Re: [PATCH] sched/core: simpler function for sched_exec migration

From: Oleg Nesterov
Date: Mon Sep 05 2016 - 09:11:56 EST


On 09/05, cheng chao wrote:
>
> @@ -2958,7 +2958,7 @@ void sched_exec(void)
> struct migration_arg arg = { p, dest_cpu };
>
> raw_spin_unlock_irqrestore(&p->pi_lock, flags);
> - stop_one_cpu(task_cpu(p), migration_cpu_stop, &arg);
> + stop_one_cpu_sync(task_cpu(p), migration_cpu_stop, &arg);
> return;
> }
> unlock:
> diff --git a/kernel/stop_machine.c b/kernel/stop_machine.c
> index 4a1ca5f..24f8637 100644
> --- a/kernel/stop_machine.c
> +++ b/kernel/stop_machine.c
> @@ -130,6 +130,27 @@ int stop_one_cpu(unsigned int cpu, cpu_stop_fn_t fn, void *arg)
> return done.ret;
> }
>
> +/**
> + * the caller keeps task_on_rq_queued, so it's more suitable for
> + * sched_exec on the case when needs migration
> + */
> +void stop_one_cpu_sync(unsigned int cpu, cpu_stop_fn_t fn, void *arg)
> +{
> + struct cpu_stop_work work = { .fn = fn, .arg = arg, .done = NULL };
> +
> + if (!cpu_stop_queue_work(cpu, &work))
> + return;
> +
> +#if defined(CONFIG_PREEMPT_NONE) || defined(CONFIG_PREEMPT_VOLUNTARY)
> + /*
> + * CONFIG_PREEMPT doesn't need call schedule here, because
> + * preempt_enable already does the similar thing when call
> + * cpu_stop_queue_work
> + */
> + schedule();
> +#endif
> +}

Honestly, I don't really understand the changelog, but this looks wrong.

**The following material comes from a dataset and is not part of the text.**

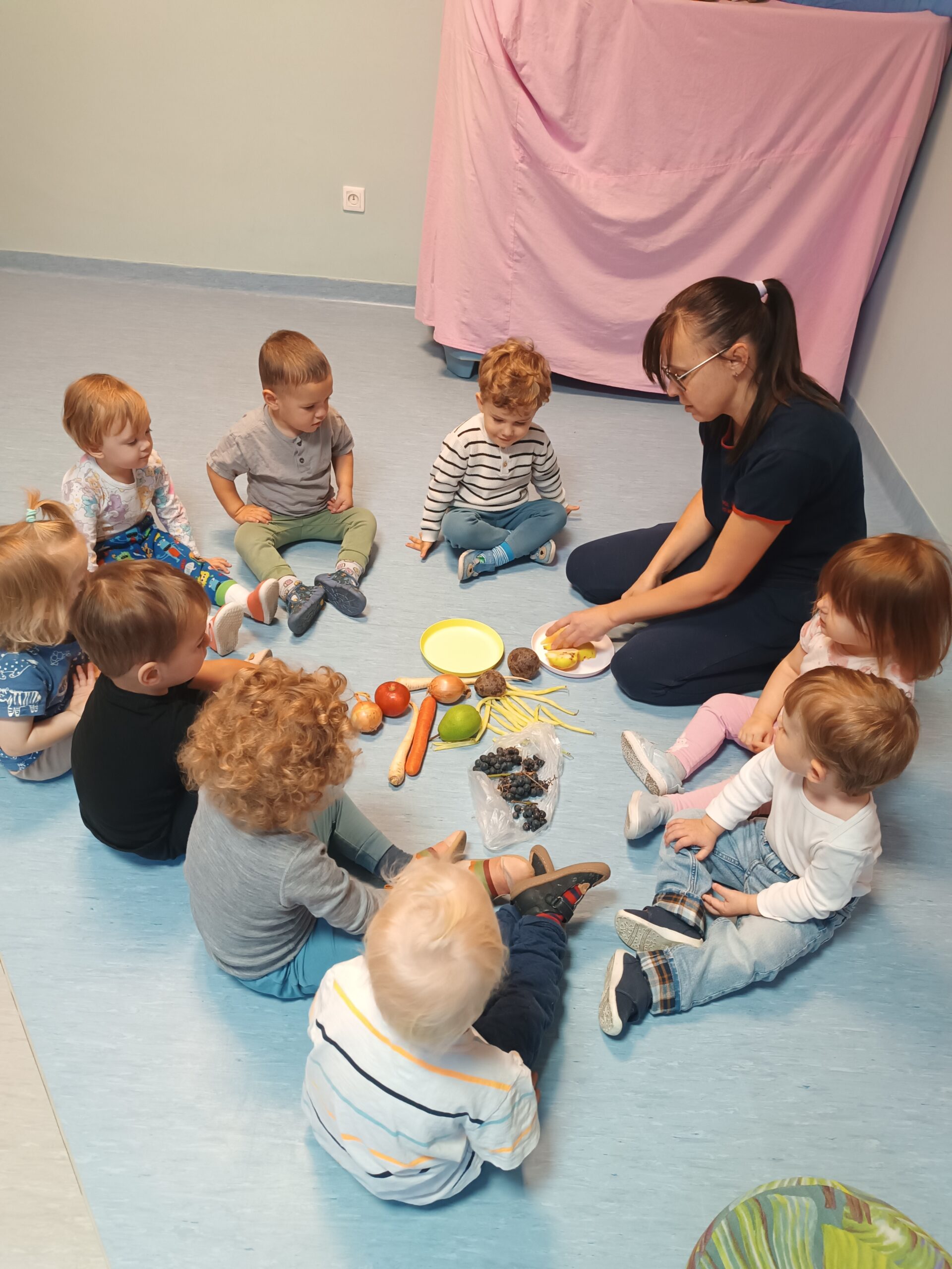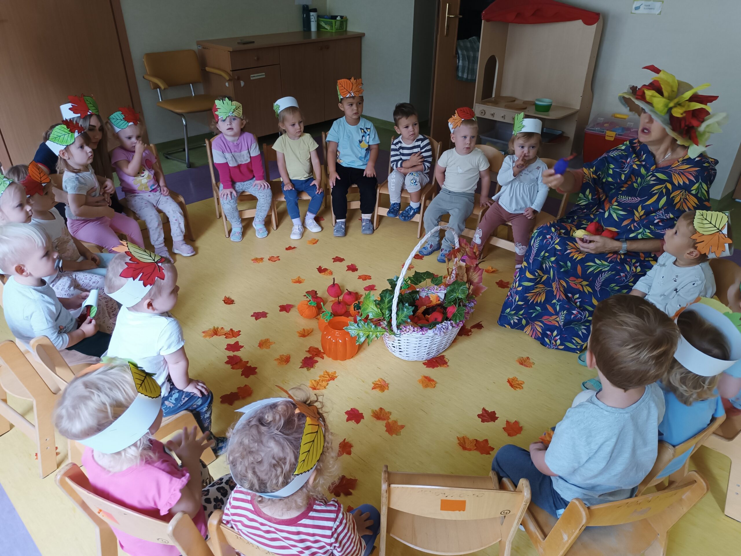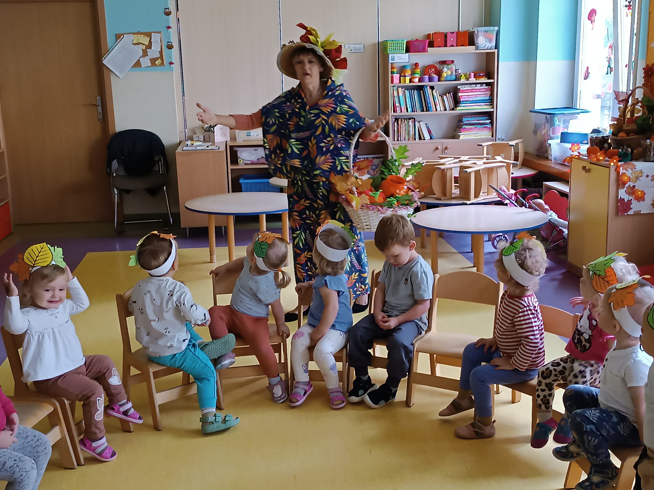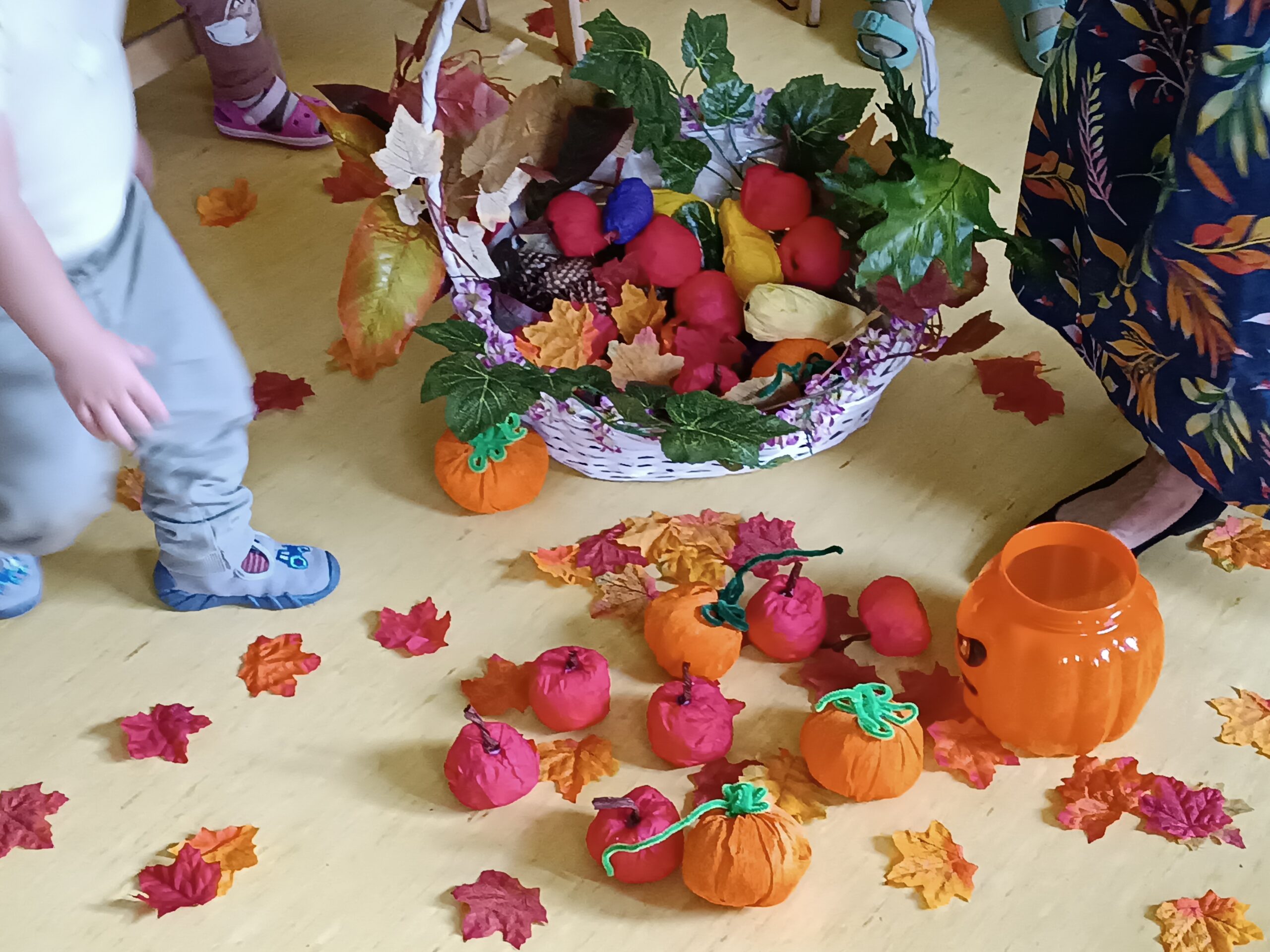 - Odwiedziła nas Pani Jesień, która przyniosła ze sobą wiele darów: kolorowe liście, kasztany, żołędzie. Pani Jesień zaprosiła dzieci do zabawy i tańców.

stop_one_cpu_sync() assumes that cpu == smp_processor_id/task_cpu(current),
and thus the stopper thread should preempt us at least after schedule()
(if CONFIG_PREEMPT_NONE), so we do not need to synchronize.

But this is not necessarily true? This task can migrate to another CPU
before cpu_stop_queue_work() ?

Oleg.